Emotional Numbness Becomes a Tool for Survival
After a few days, something shifted in the prisoners' psyche. The constant horror stopped registering as horror. Prisoners fell into a state of emotional apathy that, counterintuitively, helped them survive. Their minds no longer processed the brutality around them. Instead of feeling anything, they became focused on one thing: staying alive another day. Their thoughts and emotions narrowed to basic survival needs. They talked and dreamed about food, things we take for granted but which were severely rationed in the camps. They didn't muse about love or desire. They fixated on the few nuts and peas that settled at the bottom of the soup bowl, the only sources of nutrition that mattered. This emotional dullness acted as armor, giving them the mental constitution to endure the everyday cruelties. When a typhus outbreak killed several prisoners, survivors didn't feel disgust or pity looking at the corpses. They saw opportunity. Their eyes moved past the death to the leftover shoes, food, and clothing, things that might improve their chances. This shift from horror to pragmatism wasn't cold-heartedness. It was the only path to the next day.
The Mind Cannot Plan for a Future It Cannot See
Prisoners in the camps faced a peculiar kind of psychological torture that had nothing to do with the guards. In normal life, we live forward. We make plans, we get excited about seeing our plans unfold. But inside the camps, there was no future. Nobody knew when or if their term would end. Most prisoners believed their lives were already over. They weren't living, they were merely existing. The lack of any visible endpoint created a psychological void. There was no goal to reach for, no reason to picture tomorrow. Without a future to live toward, the question "why continue?" became unbearable. The guards didn't have to devise this torture. The camps themselves, the absolute absence of hope for release, did it.

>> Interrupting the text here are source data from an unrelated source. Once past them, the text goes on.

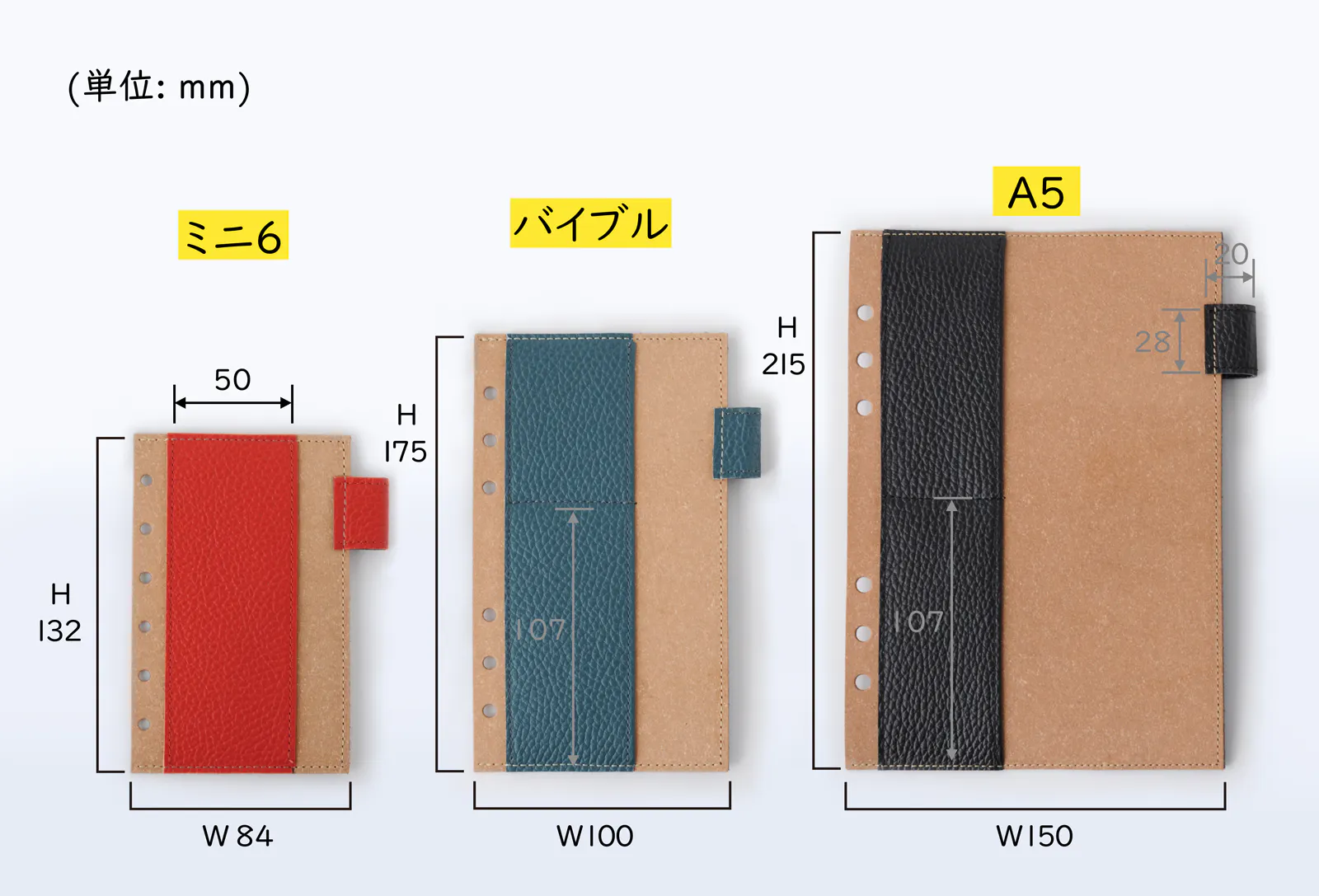 notivoは使用スタイルとシーンにより、3種類の手帳サイズをご用意しました。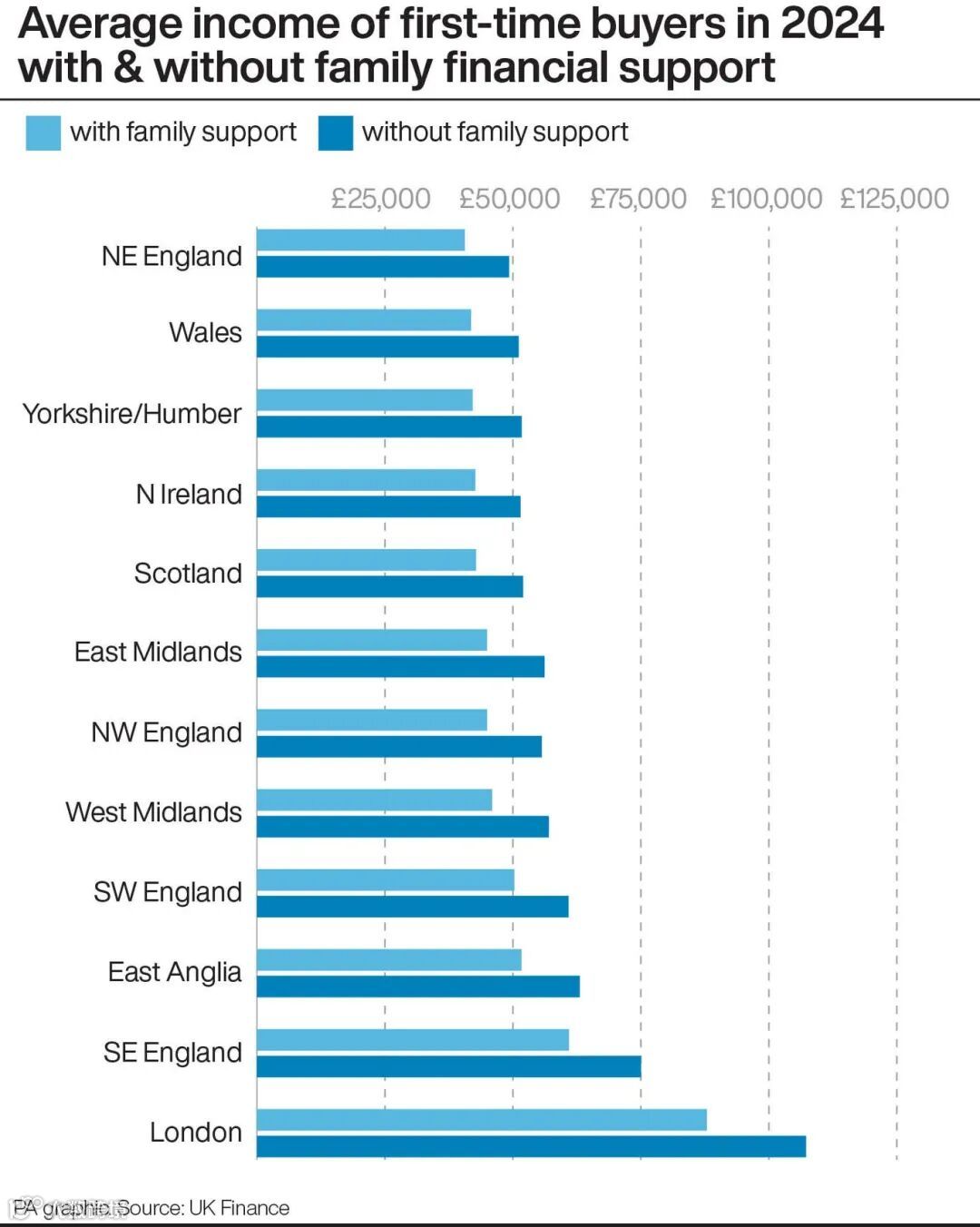 接受家庭资助的购房者平均支付的首付为118,073英镑,而未获资助的首次购房者平均支付的首付为60,741英镑。差距足足达到6w!!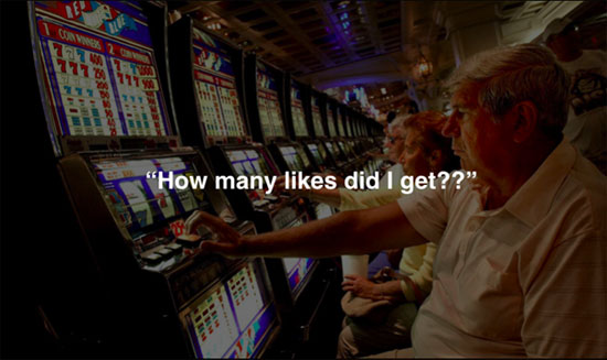 Est-ce que cet effet fonctionne vraiment sur les personnes ? Oui. Aux États-Unis, les machines à sous rapportent plus d’argent que le baseball, les films, et les parcs à thèmes combinés. Par rapport aux autres jeux de hasard, les personnes sont 3 à 4 fois plus rapidement « impliqués » avec les machines à sous d’après la professeure Natasha Dow Schull, auteur de L’addiction par le design.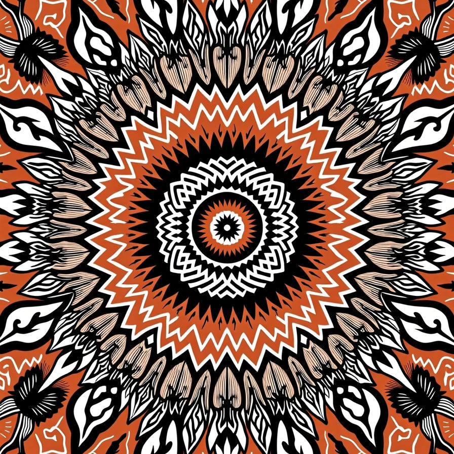 Abstract Sunburst Medallion with Boho Botanical Flourishes (Orange)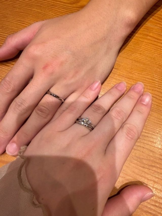指輪の号数でとても悩みましたが、付ける頻度によって変更できる事を知り、最終的にお互いで話して決める事が出来ました。
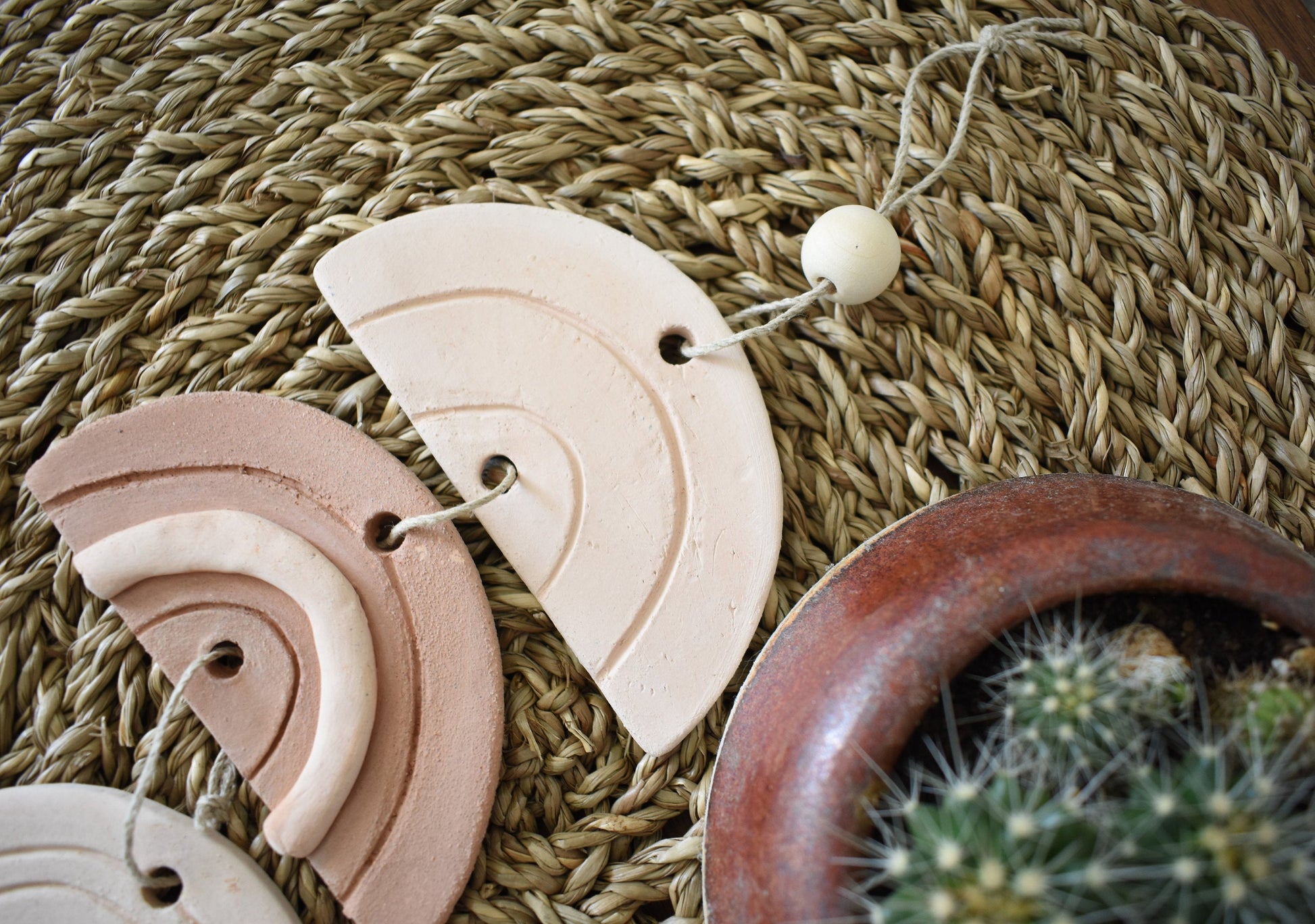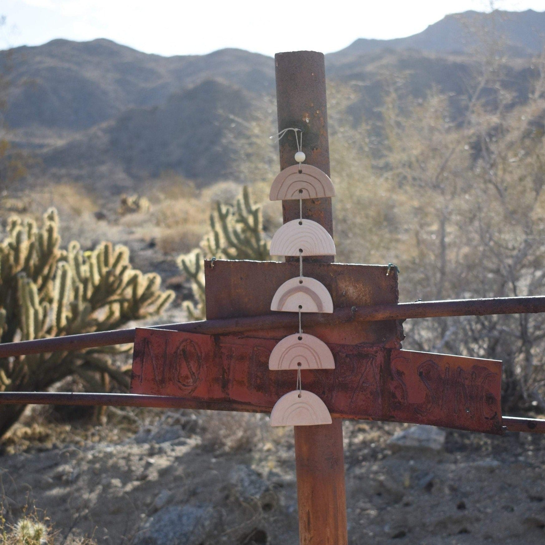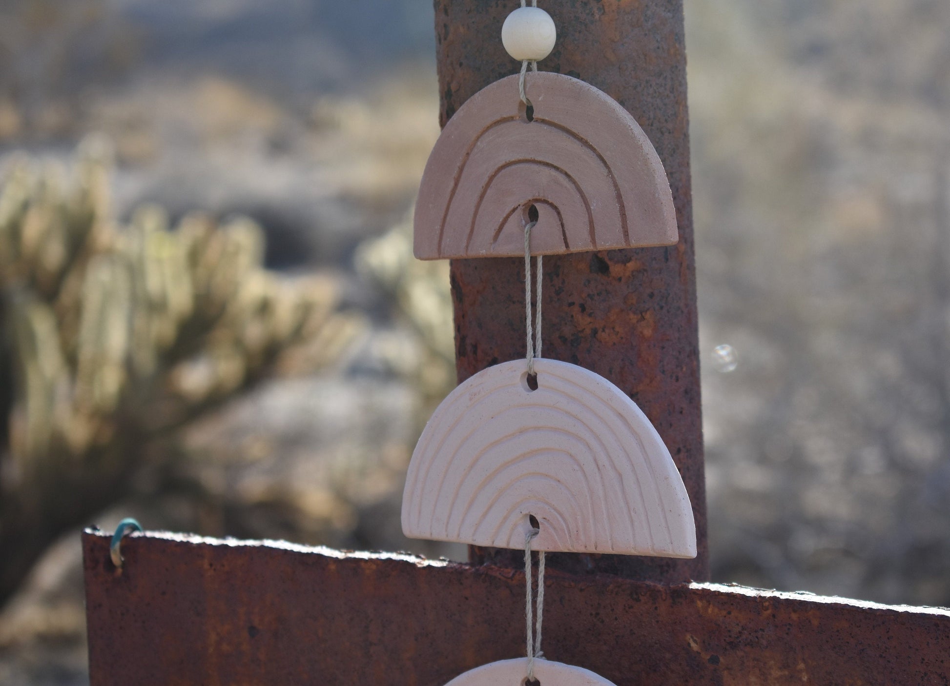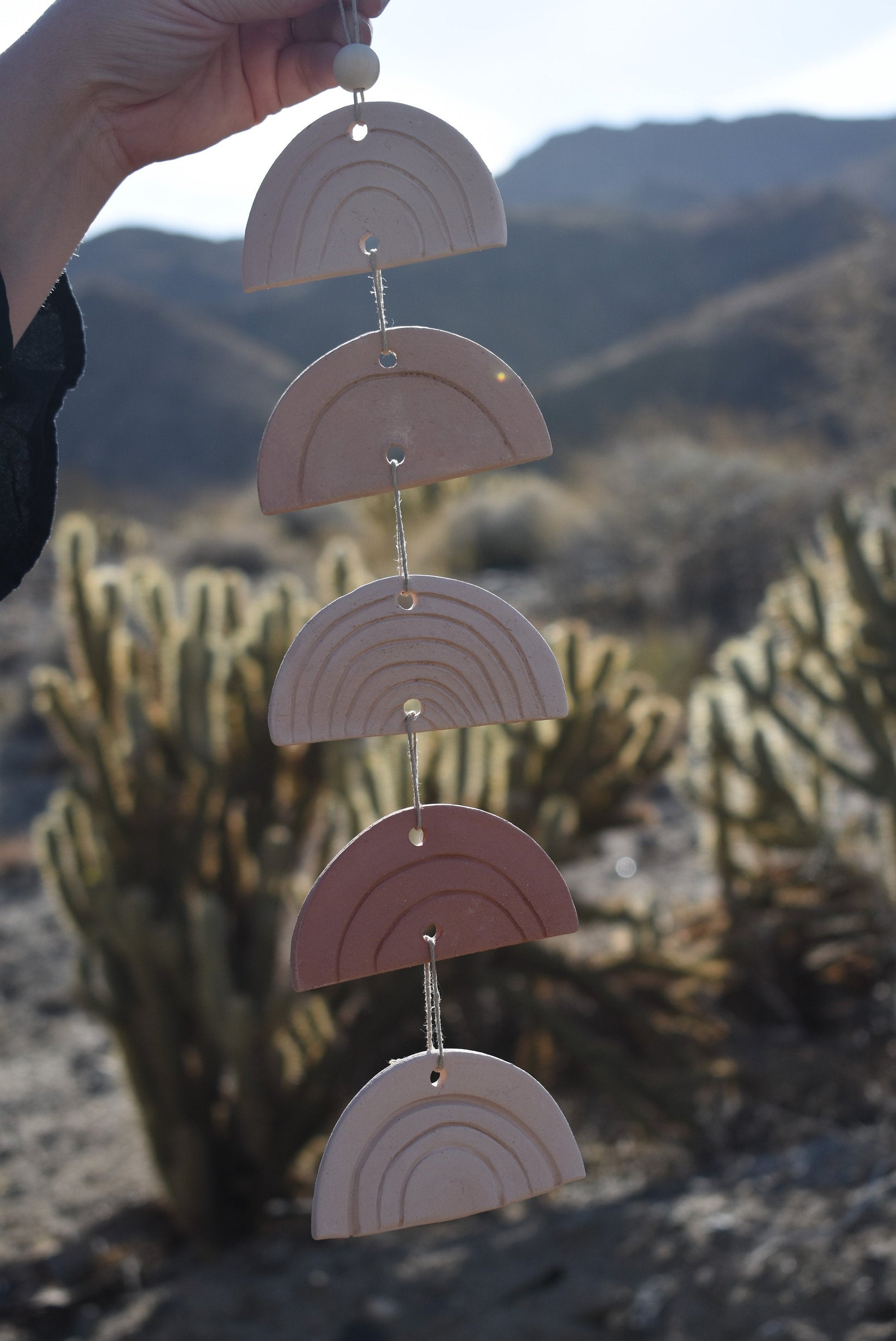 A Painted Lady exclusive, this desert rainbow wall hanging is the unique statement piece you’ve been looking for to complete your southwestern décor. Made from handmade, ceramic rainbows strung on natural cotton cord in a vertical line. Available in short or tall, this rainbow wall hanging is just the right touch of southwestern aesthetic for your space. Each rainbow is unique and made of red and cream colored clay to compliment your neutral, rustic, boho look. __________________________________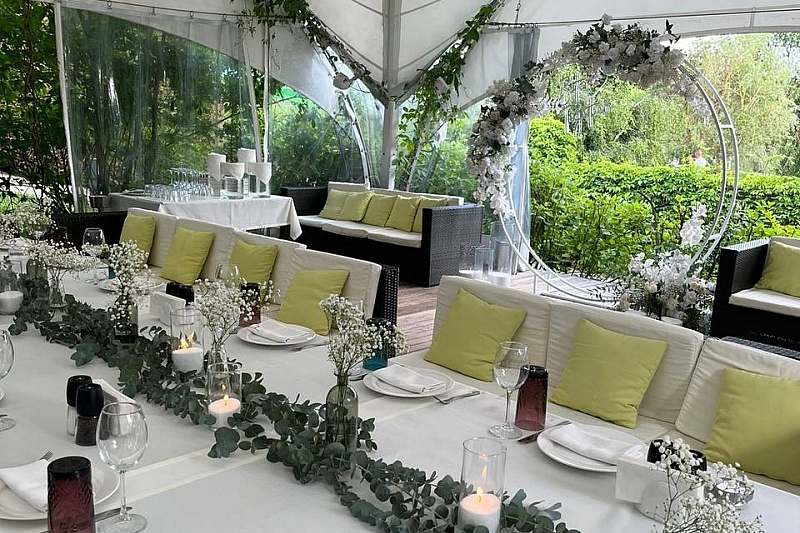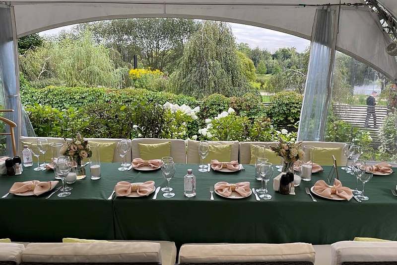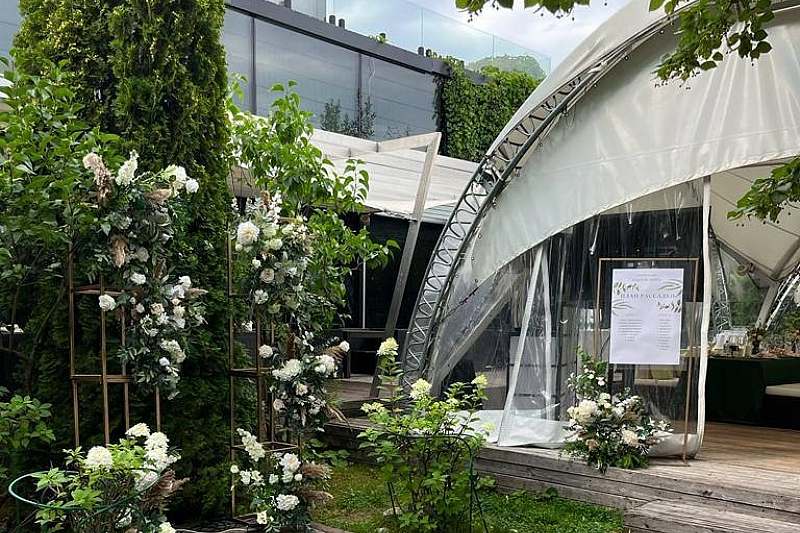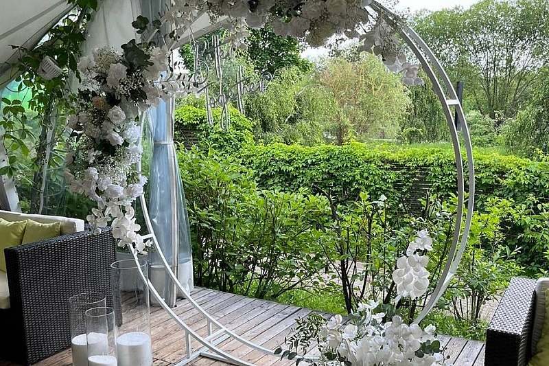 Интерьер в светлых тонах и живая зелень идеально подходят для любых концепций оформления — от классики до минимализма; есть пространство для установки арки, фото‑зон и размещения артистов. Гости высоко оценивают атмосферу, кухню и обслуживание, что важно для свадебных проектов и последующих рекомендаций.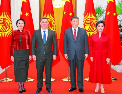2月5日上午,国家主席习近平在北京人民大会堂同来华进行国事访问的吉尔吉斯斯坦总统扎帕罗夫举行会谈。这是习近平和夫人彭丽媛同扎帕罗夫和夫人扎帕罗娃合影。 新华社记者 丁林/摄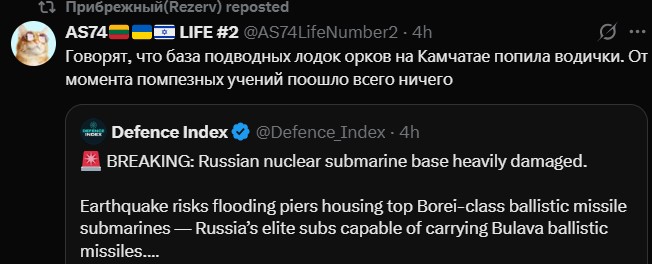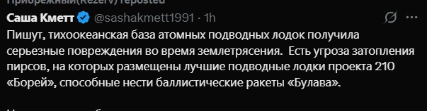 У соцмережах в РФ уже пишуть, що унаслідок землетрусу 30 липня ця тихоокеанська база уже отримала серйозні пошкодження від землетрусу. Згідно з повідомленнями росіян, є загроза затоплення пірсів, на яких розташовані найкращі підводні човни проєкту "Борей". Вони можуть нести балістичні ракети "Булава" та інші. Втім, інформація потребує верифікації.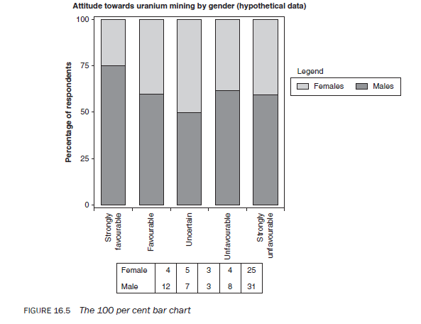 The 100 per cent bar chart (Figure 16.5) is very similar to the stacked bar chart. In this case, the subcategories of a variable are converted into percentages of the total population. Each bar, which totals 100, is sliced into portions relative to the percentage of each subcategory of the variable.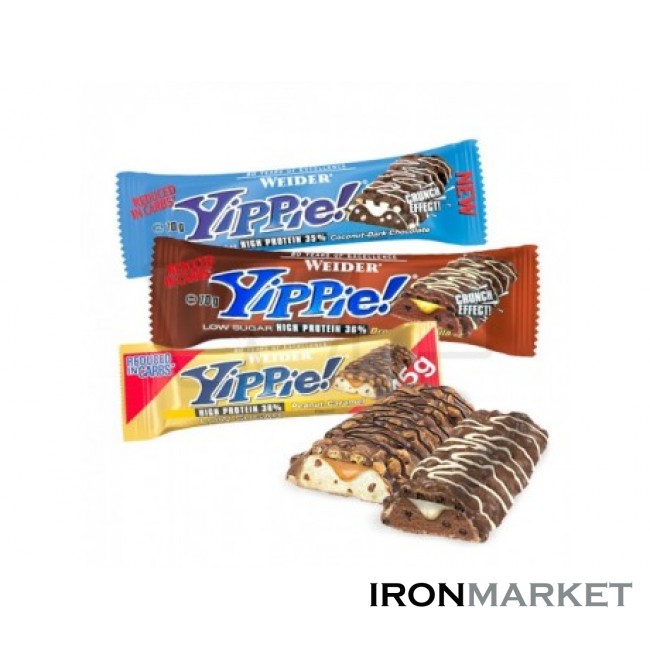 Weider Yippie Bar — протеиновый батончик с высоким содержанием белка от всемирно известного бренда спортивного питания. Отличительная черта этого снека — минимум сахара без потери вкусовых качеств. Теперь даже жесткая диета не станет помехой, чтобы побаловать себя сладеньким!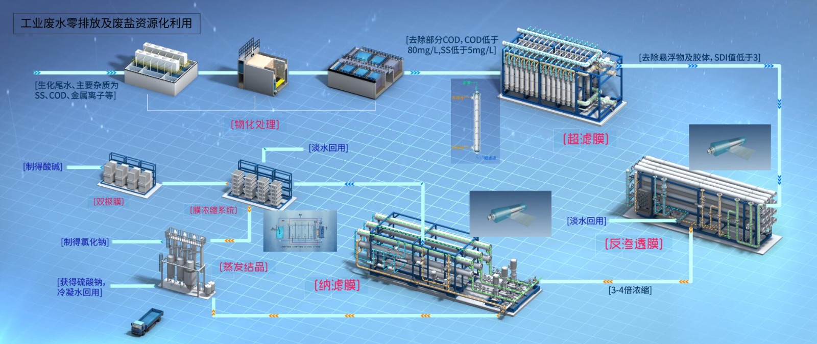 實現中水回用、鹽與干泥的分質處置

A Single Thought or Memory Can Reach Where Physical Walls Cannot
Some prisoners found that focusing on their inner lives made the outer horror bearable. For some, remembering loved ones and reminiscing about the past allowed them to mentally escape. Those who found even fragments of happiness in their memories often survived better than others. In the brutal reality of the camps, with forced labor in the cold wearing little but rags, there was no physical relief. Love, however, could bring fulfillment. A conversation with a loved one, even only in imagination, was something the guards couldn't take away. Even the smallest memories worked: switching on the lights in their own bedroom back home, a nice meal, the feeling of being somewhere else. A few prisoners found solace in nature and humor. An idyllic sunset or a cute bird could offer inmates a fleeting fragment of happiness. During half-hour lunch breaks, prisoners held small gatherings where they distracted themselves through songs or small performances. Rare moments came when prisoners found their sense of humor, not bitter humor but the ability to joke about what came next. They pictured themselves at family dinner tables and wondered if they'd forget where they were and ask for soup from the bottom of the bowl, the way they'd learned to scavenge in the camp. The mind's ability to visit other places, other times, other truths became a survival mechanism.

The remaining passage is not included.